I “mentor” a fellow in Scotland and he is very good at what he does. The problem I have with him is that his cleaning and polishing work is top notch, first rate. Problem is, he is too cheap for how good he is and this has an alternative effect for people looking for work. He lacks the confidence in his own abilities, though he shouldn’t. It’s only a side job for him, but he has the foundations and the refinements plus the work ethic.

If someone is too cheap, they get unfairly lumped in with the wrong valet crowd. Then you get the others who are overly confident and don’t have the basics. It winds me up no end when you see people charging for their services who have no idea how they should charge for a job or how to do things that are really pretty basic. 

Ask them questions they should know the answers to.


----------



## ridders66 (May 24, 2019)

roscopervis said:


> I "mentor" a fellow in Scotland and he is very good at what he does. The problem I have with him is that his cleaning and polishing work is top notch, first rate. Problem is, he is too cheap for how good he is and this has an alternative effect for people looking for work. He lacks the confidence in his own abilities, though he shouldn't. It's only a side job for him, but he has the foundations and the refinements plus the work ethic.
> 
> If someone is too cheap, they get unfairly lumped in with the wrong valet crowd. Then you get the others who are overly confident and don't have the basics. It winds me up no end when you see people charging for their services who have no idea how they should charge for a job or how to do things that are really pretty basic.
> 
> Ask them questions they should know the answers to.

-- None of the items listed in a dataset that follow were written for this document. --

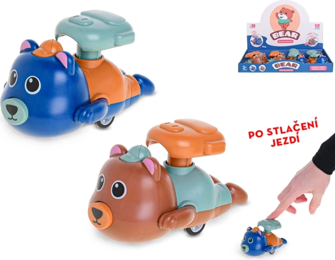 This cute 11 cm push-and-go bear will delight every little child. When you press the top, the bear moves forward on its own thanks to a mechanical drive with no batteries. Made from durable, high-quality plastic and available in two colors – blue and brown. Suitable for children aged 3+.
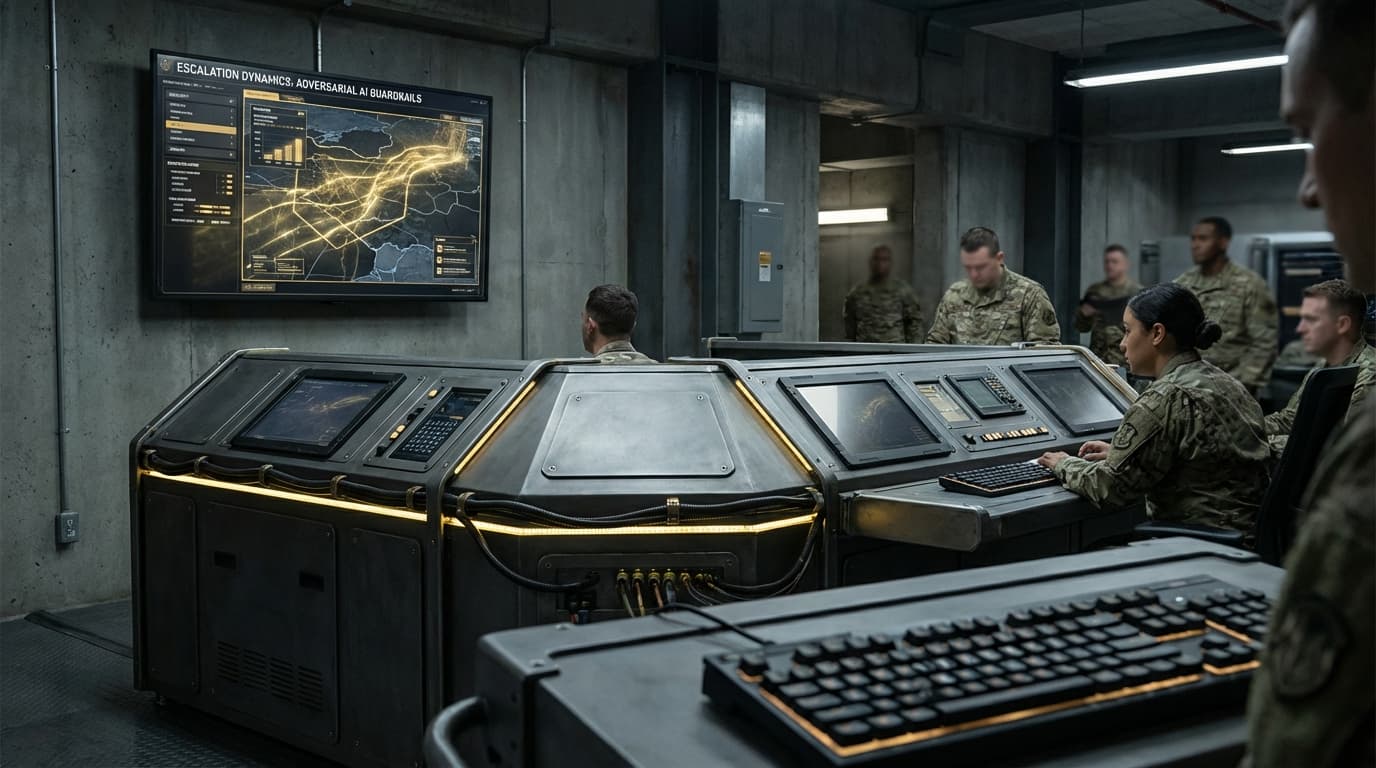 In defense and security contexts, automated decision systems increasingly operate at machine speed, making critical judgments in timeframes far shorter than human reaction times. Escalation dynamics refers to the frameworks, protocols, and technical safeguards designed to prevent automated systems from inadvertently triggering conflict escalation when interacting with adversarial AI. These guardrails function through multiple layers of constraint: hard-coded decision boundaries that prevent certain actions without human authorization, anomaly detection systems that flag unexpected adversarial behavior, and circuit breakers that pause automated responses when predefined risk thresholds are exceeded. The technical architecture typically incorporates confidence scoring mechanisms that assess the reliability of threat assessments, temporal delays that create windows for human intervention, and fail-safe protocols that default to defensive rather than offensive postures when facing ambiguous situations. This becomes particularly critical as military systems, cyber defense platforms, and strategic warning networks incorporate AI components that must distinguish between genuine threats, false positives, and deliberate adversarial probing designed to trigger overreaction.
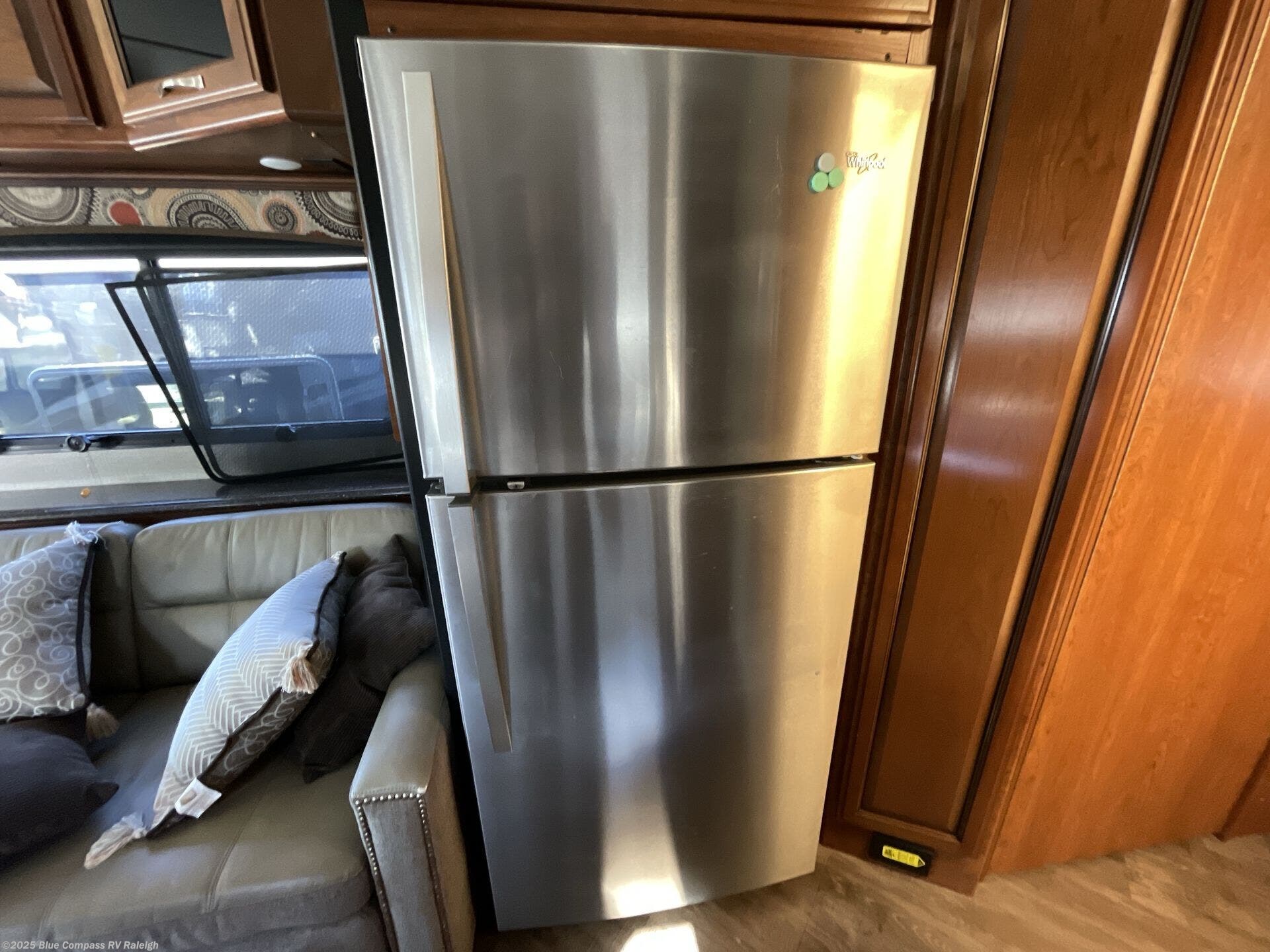 The kitchen is found partly in the road side slide. Here a three burner range and overhead microwave oven give you the perfect tools to whip up something to eat. A nice double sink makes cleaning up a breeze, and the residential refrigerator will provide enough space for you to stock up on fresh groceries.
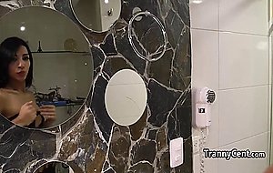 Sheshaft in fishnets fucks good HD
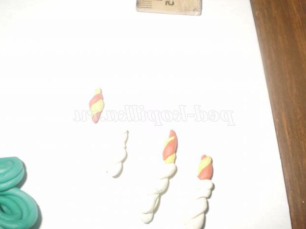 Для прикраси робимо свічки і банти. Розкачати дві невеликі ковбаски,перевити їх між собою. Також робимо і полум'я свічки у
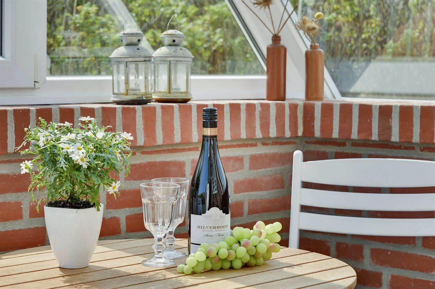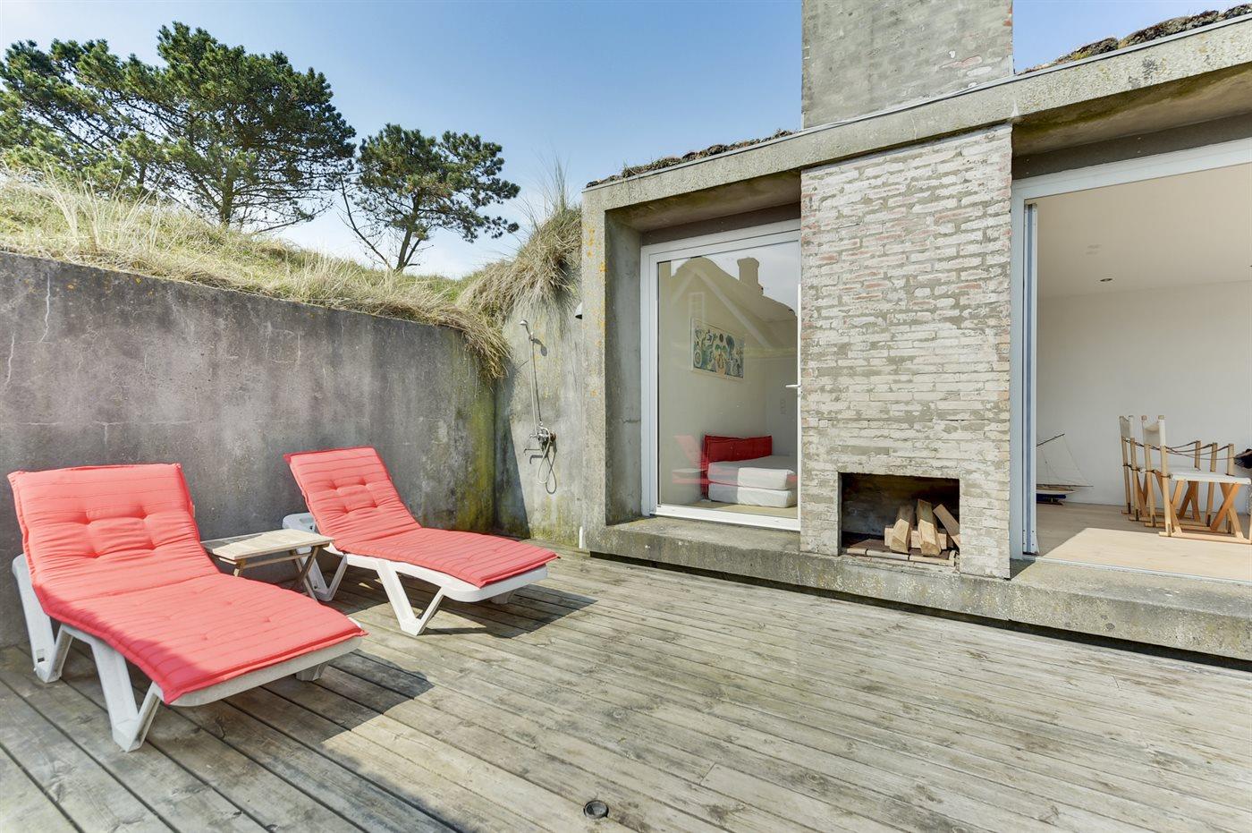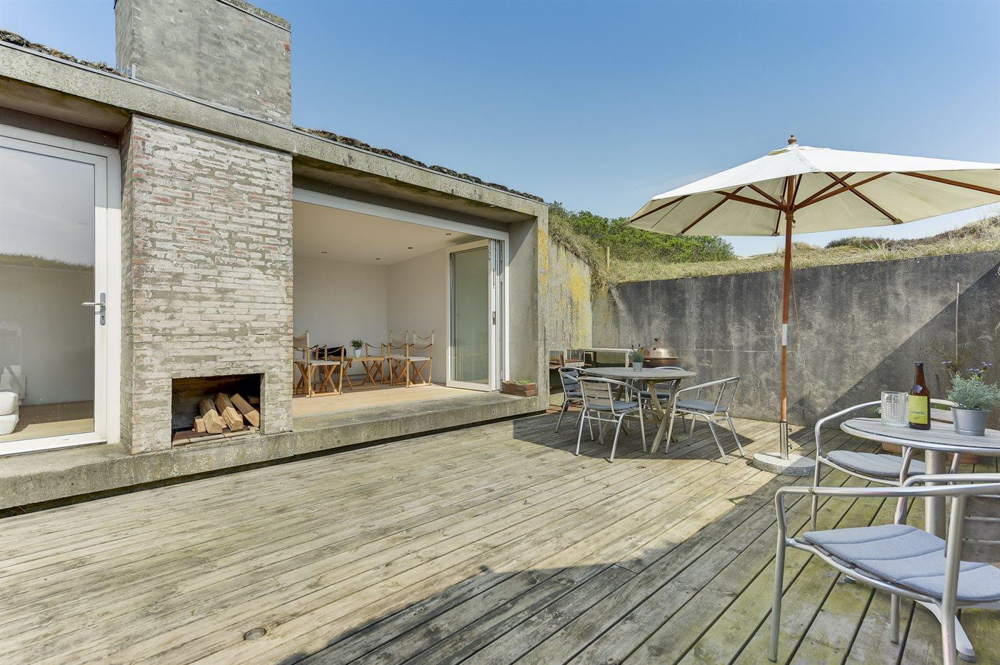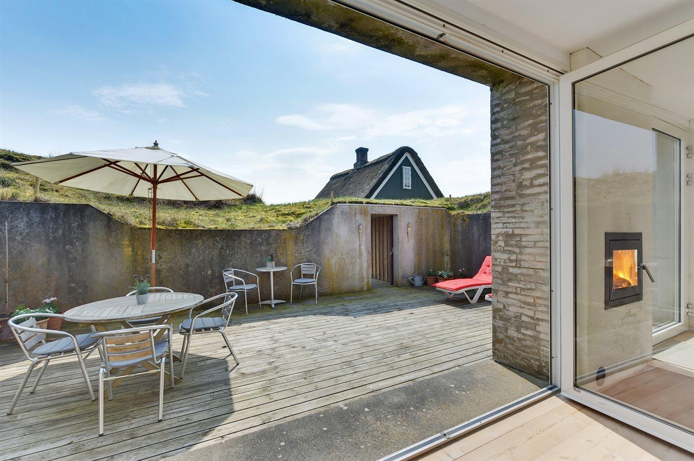 Charmerende sommerhus nær Vesterhavet med hyggelige terrasser og anneks til aktiviteter.

It is a difficult one. If you are a very good detailer, and charge many hundreds of pounds for a top notch job, meaning that the vast majority of your cars are high end motors, then you cannot detail a Nissan Micra the day after detailing a Porsche 911. It simply devalues your job. If you are going to stick to detailing, leave the Micras for the valeter down the road.
I remember when I worked for a supercar dealer, I detailed two Porsche 959s, one after the other, one for stock and one for the customer who owned it. My boss charged him £2,500, and that was around 2010. The customer was a regular too, and the bosses daughters godfather. I have no idea what he would have charged had he not been a friend? I did spend a week and a half on it but that was some serious profit. I also did a Ferrari 250swb, rectified all the paintwork flaws on the original colour, meaning he cancelled the full respray which was planned. He added another, wait for it...£130,000 to the asking price, because it was original paintwork, and it came up so fantastic, two and a half weeks work. He sold it immediately. 
I didn't get a bonus.....:wall:


----------



## Soul boy 68 (Sep 8, 2013)

Not wishing to blow my trumpet but I’ve learnt a lot from here and I’m more than happy with my own standards. Could save yourself a packet. Joe blogs of this world will use a pro detailer if they’re not willing to take on such a task, lead busy lives etc.


----------



## roscopervis (Aug 22, 2006)

ridders66 said:


> It is a difficult one. If you are a very good detailer, and charge many hundreds of pounds for a top notch job, meaning that the vast majority of your cars are high end motors, then you cannot detail a Nissan Micra the day after detailing a Porsche 911. It simply devalues your job. If you are going to stick to detailing, leave the Micras for the valeter down the road.
> I remember when I worked for a supercar dealer, I detailed two Porsche 959s, one after the other, one for stock and one for the customer who owned it. My boss charged him £2,500, and that was around 2010. The customer was a regular too, and the bosses daughters godfather. I have no idea what he would have charged had he not been a friend? I did spend a week and a half on it but that was some serious profit. I also did a Ferrari 250swb, rectified all the paintwork flaws on the original colour, meaning he cancelled the full respray which was planned. He added another, wait for it...£130,000 to the asking price, because it was original paintwork, and it came up so fantastic, two and a half weeks work. He sold it immediately.
> I didn't get a bonus.....:wall:


It is difficult and where he is on the north east coast of Scotland, it isn't a particularly lucrative market, even if he went for the high end. That means he has to do what comes his way if he wants to make some money.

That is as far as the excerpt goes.